Штука в том, что на писателя у отца Ануфрия уже не первый год обида зрела. Было отчего. Всякий раз, высказывая своё мнение по поводу мирского поведения вышеозначенного отца, противный писатель позволял себе непростительные вольности. Вот и в последнюю встречу неуклюже ворочая увесистые, как валуны, слова, назвал писатель настоятеля: классическим барыгой, обёрнутым в мантию, при этом мастерски фарцующим мистикой да завиральными сказками и знатным фокусником, обращающим веру в банковские билеты. Двумя неделями ранее тот же самый писателишка обсмеял отца Ануфрия, встретив последнего на базаре. Точнее поглумился даже не над самим отцом, а над его церковным именем. Так, чтобы все базарные ряды наверняка услышали, расшифровал в тот пасмурный день писатель имя «Ануфрий», переведя его значение с древнеегипетского языка. Выяснилось следующее: «Ануфрий» переводилось с древнего языка страны Кеми как «священный бык», а мужчины, присвоившие себе такое имя, всегда имели сложную судьбу. По разумению писателя в данном случае всё сложилось как нельзя, кстати, и просто изумительно совпало, ведь «священный бык» одно и то же, что «божья корова». Как такое стерпеть, когда прямо при прихожанах и прочих мирских да точно в лоб? Благо всегда под рукой имеется шайка-лейка ортодоксально настроенных поборников, коих, и просить не надо о заступничестве. Сами налетят, будто ватага бездомных псов на брошенную кость. Моргнуть не успеешь: заклюют твой парашют стаи сдвинутых птиц. Так тогда и получилось. Погнали писателя с рынка, едва целым остался. И никаких уступок такому заблудившемуся чаду. Только в три раза задранная цена на услуги. Был бы как все, тогда и разговор сложился иначе… Вон, некоторые своим послушанием и постоянным жертвованием умудряются скидку себе заработать.

Когда пришёл час литератора, то отец не отказался от своего решения. Этому безбожнику никаких поблажек. Хотят родственники облегчить душе его мытарства – пускай, как следует, раскошелятся. Тройной гонорар за святое терпение отца. Точка. На отходную молитву поскупились… На отпевание пришлось тряхнуть мошной, а то совсем не по-христиански как-то получается. Забыв про все обиды прежде всего ввиду того обстоятельства, что деньги не пахнут, подобрал святой отец к обеду подол своей юбки, прихватил кадило и чётки, да поскакал отпевать ненавистного ему писаку.
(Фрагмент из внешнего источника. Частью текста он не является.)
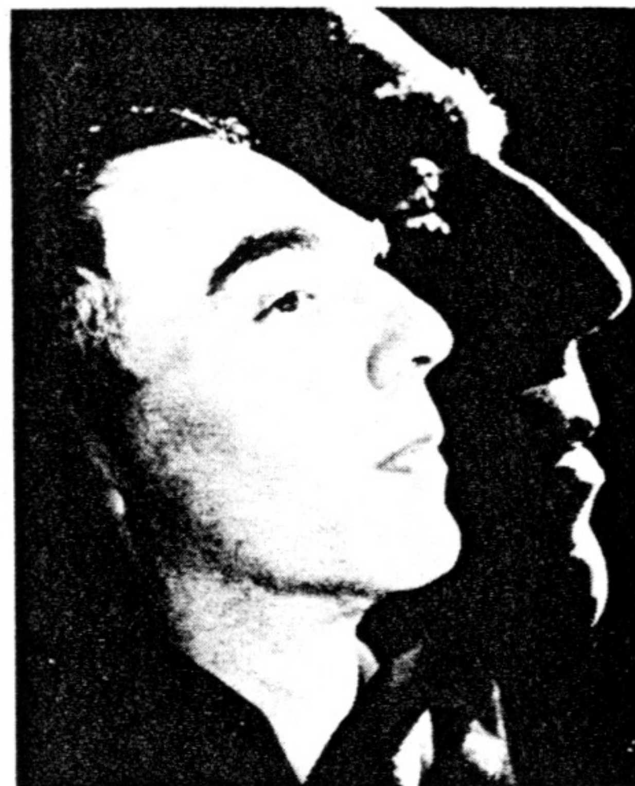
DEREK JARMAN BY ANGUS McBEAN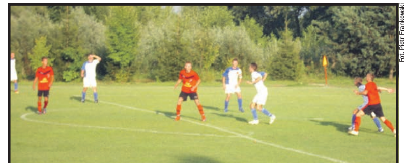
W przyszłym sezonie Lutnię Piszczac zobaczymy w klasie okręgowej

Z III ligi spadają: Hetman Zamość i Omega Stary Zamość, a z klas okręgowych awansują: Grom Kąkolewnica, Włodawianka, Czarni Dęblin i Krysz-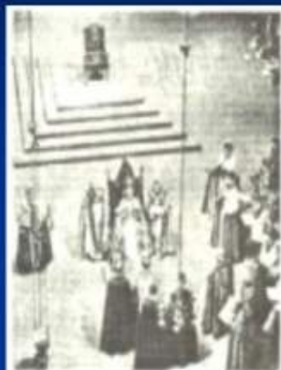
①斯图亚特王朝复辟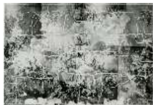
AnsRes.II, Fliesensaal, Schaden 1954, R.2, DE003707, BSV-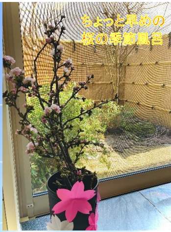
ちょっと早めの 桜の季節風色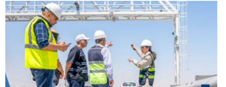
وزيرة الأشغال تتفقد الموقع

الذهب يستقر قرب أعلى مستوى في أسبوعين مع تراجع توقعات رفع الفائدة الأمريكية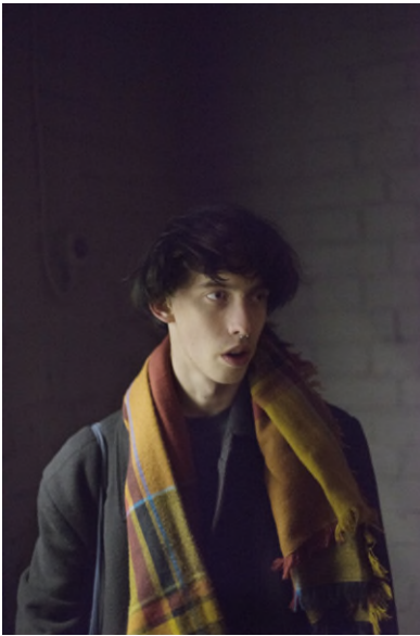
Tobias Zielony: Daniels, aus der Serie „Golden“, 2018, Archival Pigment Print, Courtesy der Künstler und KOW, Berlin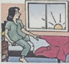
1. get up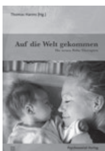
Thomas Harms: Auf die Welt gekommen Psychosozial-Verlag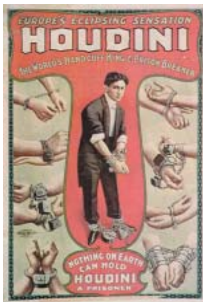
Plakát na evropské turné.

Není divu, že performer, jehož odvážné kousky spočívaly v překonávání tělesných a fyzikálních limitů, měl ohlas po další desítky let v oblastech od performance art a body art či literatury až po nejrůznější komerčně zábavní aktivity. Zábava je dnes obrovský byznys. Ale zkusme si vzpome-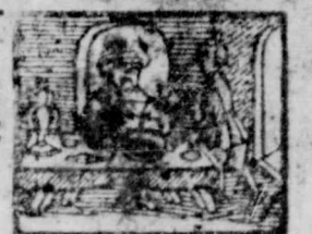
20. Sum: factu est reg num eorum. Mat. 29.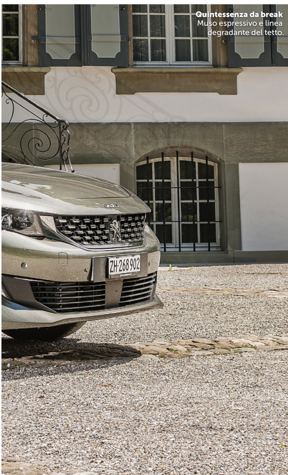
Quintessenza da break Muso espressivo e linea degradante del tetto.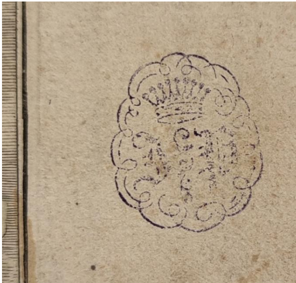
SLIKA 13. Abraham Aubry, Aetas Argentea , verzija iz Grafičke zbirke Nacionalne i sveučilišne knjižnice u Zagrebu, detalj.

S obzirom da zagrebački album počinje scenom koja je numerirana brojem 4, a završava scenom broj 148, jasno je da predmet nije 'cjelovit'. Aubryjevo izdanje Metamorfoza iz Sveučilišne knjižnice Erlangen-Nürnberg nakon dvije naslovnice počinje prikazom naziva RERVUM DISTINCTIO u kojem Ovidije opisuje nastanak svijeta. Slijedi ploča pod brojem dva naziva ANIMANTIBUS HABITENDI LOCUS ASSIGNATUR , iza koje slijedi treća AETAS AUREA , nakon koje dolazi četvrta ploča AETAS ARGENTEA koja se podudara sa zagrebačkim prvim listom u albumu.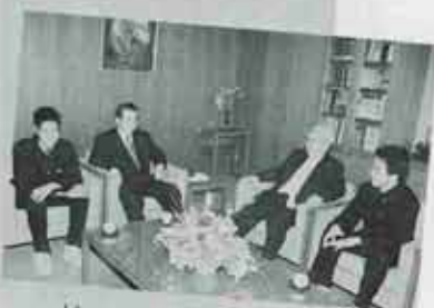
おつかれさまでした。

●議長 これからは、やはり「ひとづくり」だと思います。そこに住んでいる人たちの心と心のふれあいができ、「住んでよかつくりが大切です。みんなと一緒に頑張りましょう。」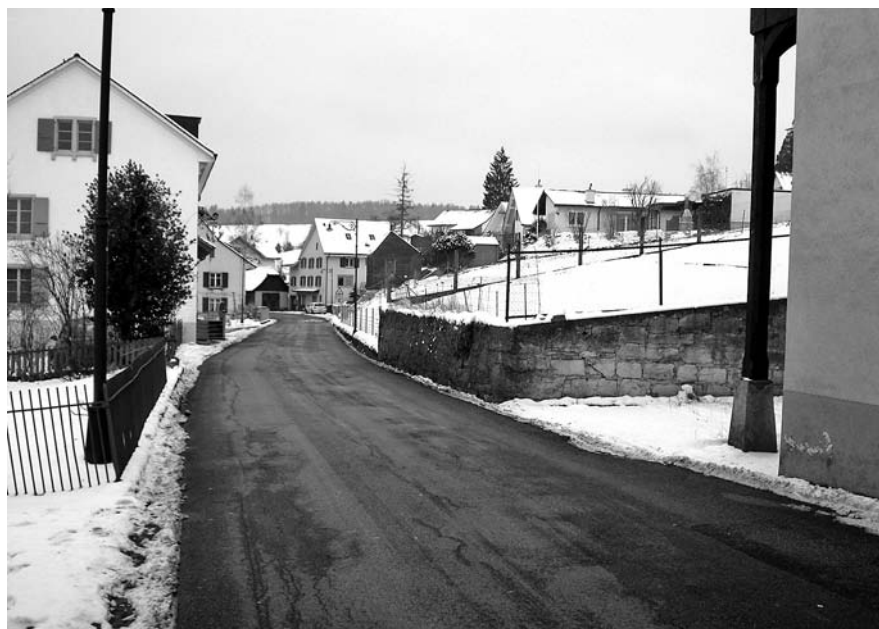
Abb. 12, 13: Arisdorf, Kantonssstrasse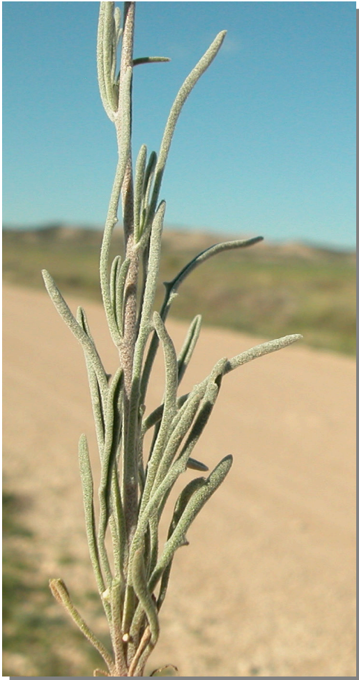
M. fruticulosa . Detalle de las hojas basales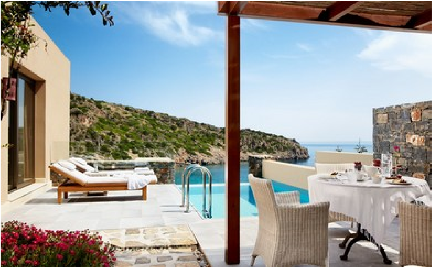
Two bedroom villa with private pool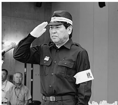
災害対策本部長の越善村長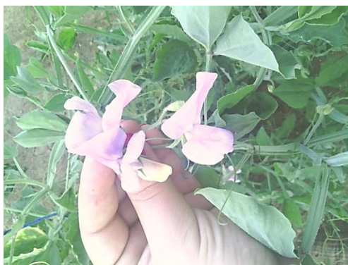
Slika 17. Svjetlo ružičasti cvjetovi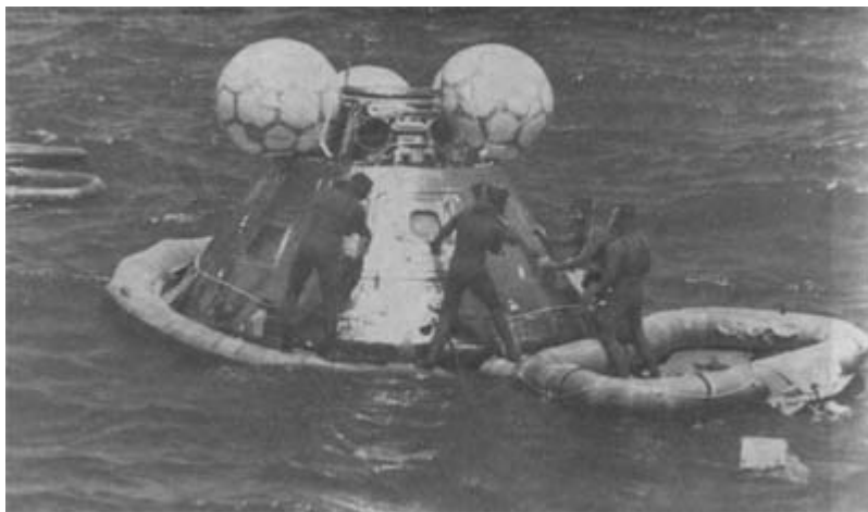
Аквалангисты подводят надувное резиновое кольцо под командный модуль космического корабля «Аполлон» после приводнения в Тихом океане. 24 июля 1975 года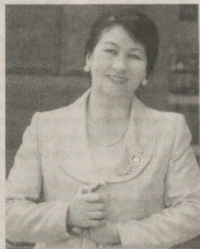
Ҳар бир ижодкорнинг эришган ютуқлари билан бир қаторда орзулари ҳам бўлади. Айниқса, бизнинг авлод ижодкорлари учун шўро тузумидаги мафсуравий қобилқарни ёриб чиқиш осон бўлмаган. Сабаби, миллий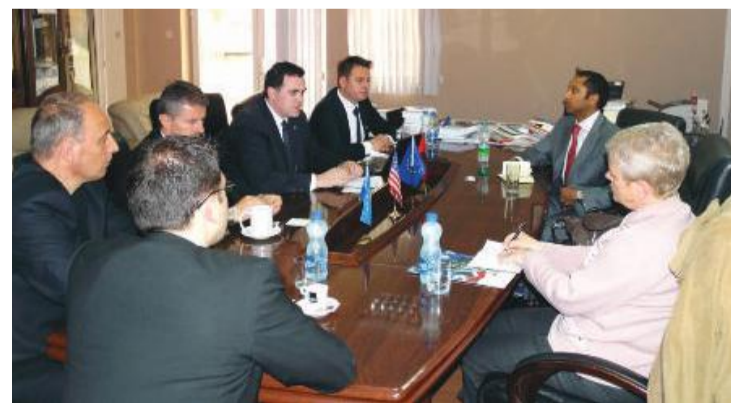
Si pjesë e partneritetit afatgjatë, Ambasada e SHBA-së dhe UBT u përkushtuan të punojnë në gjetjen e mënyrave për avancimin e zhvillimit profesional, përmirësimin të ambientit biznesor dhe mbështetjen institucionale për vetëpunësim dhe ide kreative biznesore të studentëve

Si pjesë e partneritetit afatgjatë, Ambasada e SHBA-së dhe UBT u përkushtuan të punojnë në gjetjen e mënyrave për avancimin e zhvillimit profesional, përmirësimin të ambientit biznesor dhe mbështetjen institucionale për vetëpunësim dhe ide kreative biznesore të studentëve.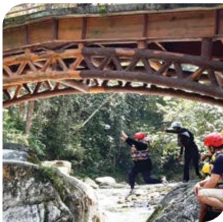
Setiap peserta diwajibkan untuk melakukan water confident (terjun ke dalam jeram) sebelum aktiviti water rafting dan water tubing .

Objektif kursus ini adalah untuk meningkatkan pengetahuan dan kemahiran peserta dalam menguruskan perniagaan homestay. Kursus Pengurusan Perniagaan Homestay merupakan kursus lanjutan di mana peserta akan merasai pengalaman tinggal di homestay bersama keluarga angkat dan menyertai aktiviti homestay yang ditawarkan. Program homestay merupakan aktiviti perniagaan di dalam industri pelancongan di Malaysia.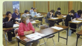
熱心にセミナーを聞く受講者

参加者からは「実践できる方法をもっと学びたい」などの声を聞くことができ、大変有意義なセミナーとなりました。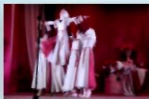
Народный коллектив ансамбль танца «Юность» МУ ЦРК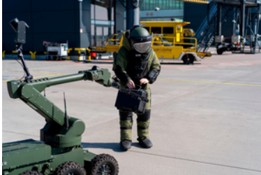
Pirotechnik SG bada bagaż.

Отпевание проходило в привычной для таких случаев обстановке: родня угрюмая лицами, безутешная вдова, дружки-собутыльники, да жалобно подмяукивающая кошка. Вот и весь нехитрый отряд, вытянувшийся по стойке смирно, мечтающий чтобы поскорей всё это закончилось. Интересные процессы бурлят в головах у каждого второго. Например, родная дочь стоит и подсчитывает предполагаемый «кусок от наследного пирога». Заботит её в данный момент более всего, как бы пожирней ломоть откусить, да чтобы вдове поменьше досталось. Вдова, подобно ясновидице, читающей мысли на расстоянии, глядит на падчерицу и думает иначе… С точностью до наоборот. Большую часть себе приписывает, а четверть готова пожертвовать отпрыскам. С ней не согласен, естественно в уме, младший, но уже весьма проворный сынишка. А настоятель знай себе, поёт свои печальные заупокойные молитвословия. Поёт не искренне, без души. Лямку тянет, а не поёт. Копейку отрабатывает. Сам не менее других заинтересован в скорейшем сворачивании. Вот тут глаза писателя и приоткрылись. Словно из омута хмельного вынырнул. Сел посреди гроба и первые секунды ничего не понимает. У окружающих на писателя ноль реакции. Только батюшка разошёлся под конец так, что перевалил своим голосом с альта на сопрано.

– Ах ты, надувной поп – бездонный рот! Ты чего это тут расстарался? Ты чего это тут раскукарекался? На свадьбе поел, на поминки прилетел? Ряса требует мяса? – развеселился писатель от такого концерта. Подумалось ему в тот момент, что участвует он в розыгрыше.

– Аминь! – завершил меж тем таинство отец Ануфрий, совершенно не замечая окликов покойного. – До 40-го дня прочитывать Псалтырь по три раза полностью! – Давал настоятель последнее наставление. Наступила развязка и самая приятная часть всей процедуры. Поп жадно протянул свободную от кадила ручку, глазки при этом блаженно задрав к небесам.

– Ой, конечно же! – спохватилась вдовушка. – Одну секунду, батюшка.

– Почему так дорого? Может, сойдёмся на половине цены? – не выдержала любимая тёща.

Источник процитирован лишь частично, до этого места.